== Work request ==
The line containing "Le Jogger léger" and every line after it, through the end of the material: copy these exactly and nothing else, leaving pictures out.
======== Recorded data
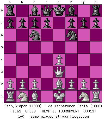 Last move : 1-0 2011 December 26 17:20:7 [Event "FICGS__CHESS__THEMATIC_TOURNAMENT__000137"] [Site "FICGS"] [Date "2011.10.15"] [Round "1"] [White "Pech,Stepan"] [Black "de Kerpezdron,Denis"] [Result "1-0"] [WhiteElo "1939"] [BlackElo "1600"] 1.e4 e5 2.d4 exd4 3.Qxd4 Nc6 4.Qe3 Nf6 5.Be2 1-0 This chess game has been lost on time (started : 2011.10.15 9:47:56) Centre game : Berger variation Player White won this chess game. Follow this game move after move (download)When the Chess game is over, the Pawn and the King go back to the same box. (Irish saying) Früher wurde jeder komplizierte Zug, jedes interessante Opfer mit großem Beifall und Enthusiasmus aufgenommen. Heute schaltet man einfach seinen Fritz an, und man kann sehen, was los ist, ob der Zug geht oder nicht. (Vladimir Kramnik) El Ajedrez es despiadado: debes de estar preparado para matar gente. (Nigel Short) Mais n'est-ce pas déjà le limiter injurieusement que d'appeler les échecs un jeu? N'est-ce pas aussi une science, un art, ou quelque chose qui, comme le cercueil de Mahomet entre ciel et terre, est suspendu entre l'un et l'autre, et qui réunit un nombre incroyable de contraires ? (Stefan Zweig) But they are useless. They can only give you answers. (Pablo Picasso, about computers)
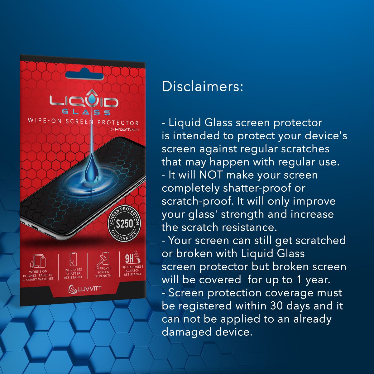 Liquid Glass is an advanced technology, invisible, wipe-on screen protector that bonds to the glass of your device offering enhanced scratch, moisture, and impact resistance. Made of silica dioxide (Si02) Liquid Glass is essentially microscopic particles of glass suspended in a liquid solution. Easy, wipe-on application makes the application a breeze. Liquid Glass adds an additional extremely thin layer of glass that is highly scratch & shatter resistant and increases the glass' strength to 9 H hardness level. Liquid Glass screen protector protects your device's screen against regular scratches that may happen with regular use. It will NOT make your screen completely shatter-proof or scratch-proof. It will only improve your glass' strength and increase the scratch resistance. Your screen can still get scratched or broken with a liquid glass screen protector (it does not fix or repair exiting crack or scratches). To activate your screen protection coverage, register your device on ProofTech's website within 30 days of purchase. Exceptions cannot be made. All claims should also be submitted through the same website.
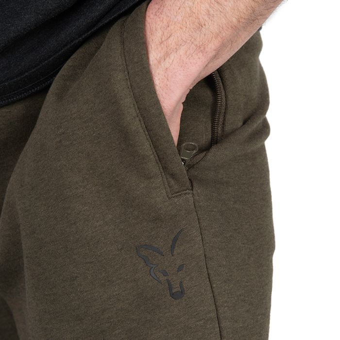 Le Jogger léger vert chiné est doté d'un logo Fox noir imprimé. La ceinture interne élastique présente un motif du logo répété en jacquard. Les cordons de serrage sont munis d'embouts en silicone. Les poches avant sont zippées, les poignets chevilles sont côtelés. Une poche arrière se ferme avec une bande auto-agrippante.
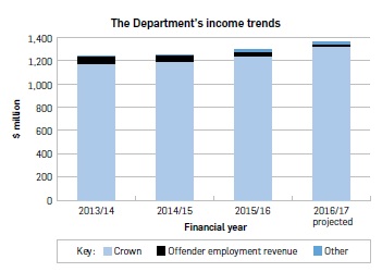 While our income is predominantly provided by the Crown we also generate a small revenue stream from our offender employment activities such as farming, distribution and other industries. The timing of livestock sales has attributed to offender employment revenue being slightly below the supplementary estimates.
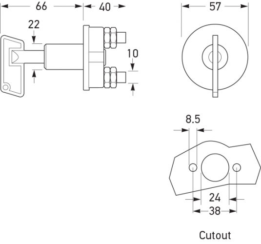 Suitable for cars and medium sized trucks. Complete with removable key. For interrupting circuits (prevents theft and short circuit).
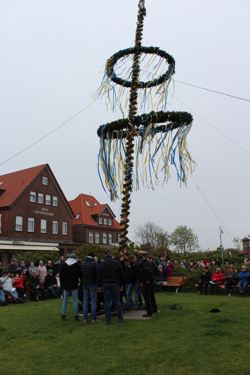 Turnusgemäß war der Segelklub Juist in diesem Jahr dran, sich um den Maibaum auf Juist zu kümmern. Die Aufstellung von Maibäumen mit den entsprechenden Ritualen (Maibaumtänze und Mailiedersingen, Bewachung, gegenseitiges Klauen usw.) ist in Ostfriesland eine alte Tradition, die auch auf Juist gepflegt wird. Die Federführung obliegt beim Heimatverein Juist, hier führt „Maibaumpräsidentin“ Heike Peters genau Buch darüber, welcher Verein dran ist und informiert diesen rechtzeitig. Rund alle sechs Jahre ist ein Verein an der Reihe, kleinere und nicht so mitgliederstarke Gruppen übernehmen den Baum auch gemeinsam (z. B. Ortsverein Juist vom DRK und die Seenotretter auf Juist), die großen Vereine und Organisationen, die ebenfalls regelmäßig an der Reihe sind, sind unter anderem die Freiwillige Feuerwehr, der Heimatverein mit seinen Untergruppen, der TSV Juist oder der Schützenverein.
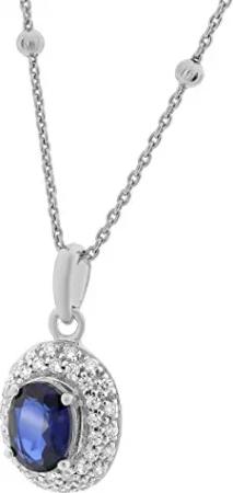 925 Silver Pendant with Chain Stadium Shape with Blue Zirconium
================
== Finished exercise ==
 Le Jogger léger vert chiné est doté d'un logo Fox noir imprimé. La ceinture interne élastique présente un motif du logo répété en jacquard. Les cordons de serrage sont munis d'embouts en silicone. Les poches avant sont zippées, les poignets chevilles sont côtelés. Une poche arrière se ferme avec une bande auto-agrippante.
 While our income is predominantly provided by the Crown we also generate a small revenue stream from our offender employment activities such as farming, distribution and other industries. The timing of livestock sales has attributed to offender employment revenue being slightly below the supplementary estimates.
 Suitable for cars and medium sized trucks. Complete with removable key. For interrupting circuits (prevents theft and short circuit).
 Turnusgemäß war der Segelklub Juist in diesem Jahr dran, sich um den Maibaum auf Juist zu kümmern. Die Aufstellung von Maibäumen mit den entsprechenden Ritualen (Maibaumtänze und Mailiedersingen, Bewachung, gegenseitiges Klauen usw.) ist in Ostfriesland eine alte Tradition, die auch auf Juist gepflegt wird. Die Federführung obliegt beim Heimatverein Juist, hier führt „Maibaumpräsidentin“ Heike Peters genau Buch darüber, welcher Verein dran ist und informiert diesen rechtzeitig. Rund alle sechs Jahre ist ein Verein an der Reihe, kleinere und nicht so mitgliederstarke Gruppen übernehmen den Baum auch gemeinsam (z. B. Ortsverein Juist vom DRK und die Seenotretter auf Juist), die großen Vereine und Organisationen, die ebenfalls regelmäßig an der Reihe sind, sind unter anderem die Freiwillige Feuerwehr, der Heimatverein mit seinen Untergruppen, der TSV Juist oder der Schützenverein.
 925 Silver Pendant with Chain Stadium Shape with Blue Zirconium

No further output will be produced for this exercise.